Focus on Fraud in M&A Transactions
Posted by William P. Allen on December 05, 2022
Due diligence is a critical part of the merger and acquisition (M&A) process — and an area of particular concern is fraud risk. Financial statement manipulation can sometimes make the target appear more valuable than it really is. Likewise, weak fraud policies, internal controls and cybersecurity practices can be ticking time bombs for an unwary buyer.
A forensic accountant can help a buyer evaluate a target’s fraud risk and look for signs of earnings manipulation and other accounting irregularities. Here are some examples of areas to examine before closing a deal.
Uncovering Accounting Fraud
It’s important to look for red flags that indicate that the target’s financial statements may not provide a true picture of its value. For example, revenue might be overstated if it has increased over time without a corresponding increase in cash flow or receivables. Another red flag of revenue overstatement is unusually strong revenue growth in comparison to the company’s competitors.

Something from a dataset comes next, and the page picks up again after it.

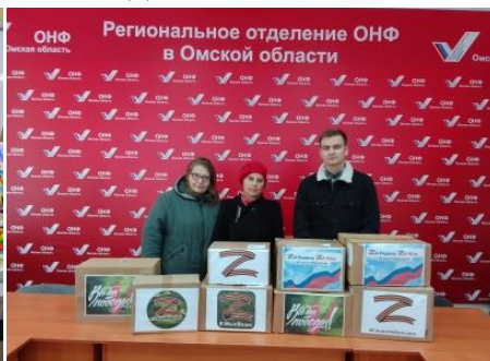
Сбор для бойцов ЛДНР и мобилизованных

Earnings growth coupled with recurring negative cash flows may be a sign that expenses have been understated or that assets have been overvalued. Also be on the lookout for excessive restrictions on auditors’ access to information or personnel, high employee turnover, excessive pressure on management to perform, and an unusually high number of off-balance-sheet or related-party transactions.
Evaluating Fraud Exposure
During M&A due diligence, the buyer should examine a target’s fraud policies and practices to evaluate its exposure to fraud risk. Questions to ask include:
- Does the target’s corporate culture reflect a commitment to fraud prevention?

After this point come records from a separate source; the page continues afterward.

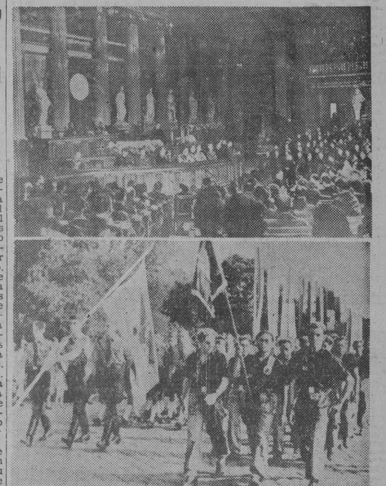
La sesión de clausura del Congreso de las Juventudes Europeas, celebrado en el "Ring" de Viena; y un desfile de camaradas españoles ante las representaciones oficiales que han asistido al referido Congreso.

El Congreso de las Juventudes Europeas, en Viena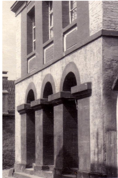
Die Synagoge sollte ursprünglich weiter oben in der Goldgasse gebaut werden (Foto Michael Fischer 1936)

es 1845 an seine Frau Lina weiter vererbte. Diese verkaufte es an Johann Moritz, der 1857 verstarb.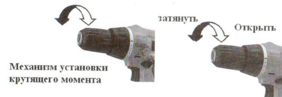
Механизм установки крутящего момента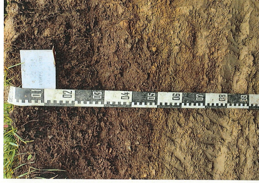
Profil d'un sol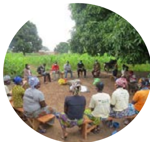
Formation des bénéficiaires sur l'enrobage de l'urée à l'huile de neem à Kampouya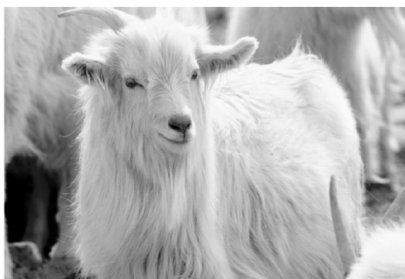
Рисунок 1 – Кашмирская коза [5]

Кашмирская коза ( Capra hircus laniger ) (рис.1) и ее пух обязаны своим названием региону – Кашмиру, расположенному на границе между Индией и Пакистаном, в западных Гималаях. В настоящее время лишь малое количество волокон и пуха получают из этого региона, сейчас он преимущественно производится в Северном Китае, Монголии, Тибете, Афганистане. Меньшие количества волокон получают в Центрально-Азиатских республиках, Иране, Австралии и Новой Зеландии [3,5].

- Has the target adopted anti-fraud measures, such as a code of ethics and a whistleblower hotline?
- Has the target implemented strong internal controls that are regularly reviewed and tested for compliance?
- Does the target conduct background checks of new hires?

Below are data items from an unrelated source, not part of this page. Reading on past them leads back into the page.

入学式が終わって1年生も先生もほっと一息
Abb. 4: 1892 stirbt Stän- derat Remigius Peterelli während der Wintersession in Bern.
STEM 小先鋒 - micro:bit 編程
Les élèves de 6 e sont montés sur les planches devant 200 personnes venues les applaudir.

- How has the target addressed previous allegations of fraud?
- Are the target’s accountants, attorneys and other advisors reputable, and what’s the screening process for outside advisors?
- Has the target properly vetted its vendors and third-party service providers, including their anti-fraud policies and internal controls?
If the target’s practices in any of these areas fall short, the buyer should consider conducting additional due diligence. For example, if the target doesn’t conduct employee background checks, the buyer should perform background checks on the target’s executives and other key personnel, including the owners.
Assessing Cyber Risk
Cyberfraud is an area of growing concern. Data breaches can cause safety issues, negative publicity, lost productivity, and compromised personal and corporate data. The average cost of a data breach has risen to a record high of $4.35 million, according to a 2022 study published by independent research group Ponemon Institute. That’s an increase of 2.6% from the 2021 study and 12.7% from the 2020 study.
There are several ways to manage cyber risk. For example, ask whether the target has conducted a risk assessment, adopted a proven cybersecurity framework and trained employees on best practices. Also consider whether software and devices have been updated with the latest security patches, as well as whether there are effective backup and recovery systems in case an attack occurs.
Let the Buyer Beware
Comprehensive due diligence is an indispensable part of the M&A process, but it’s particularly critical with respect to fraud and cybersecurity. Few risks have greater potential to negatively impact the value of a deal.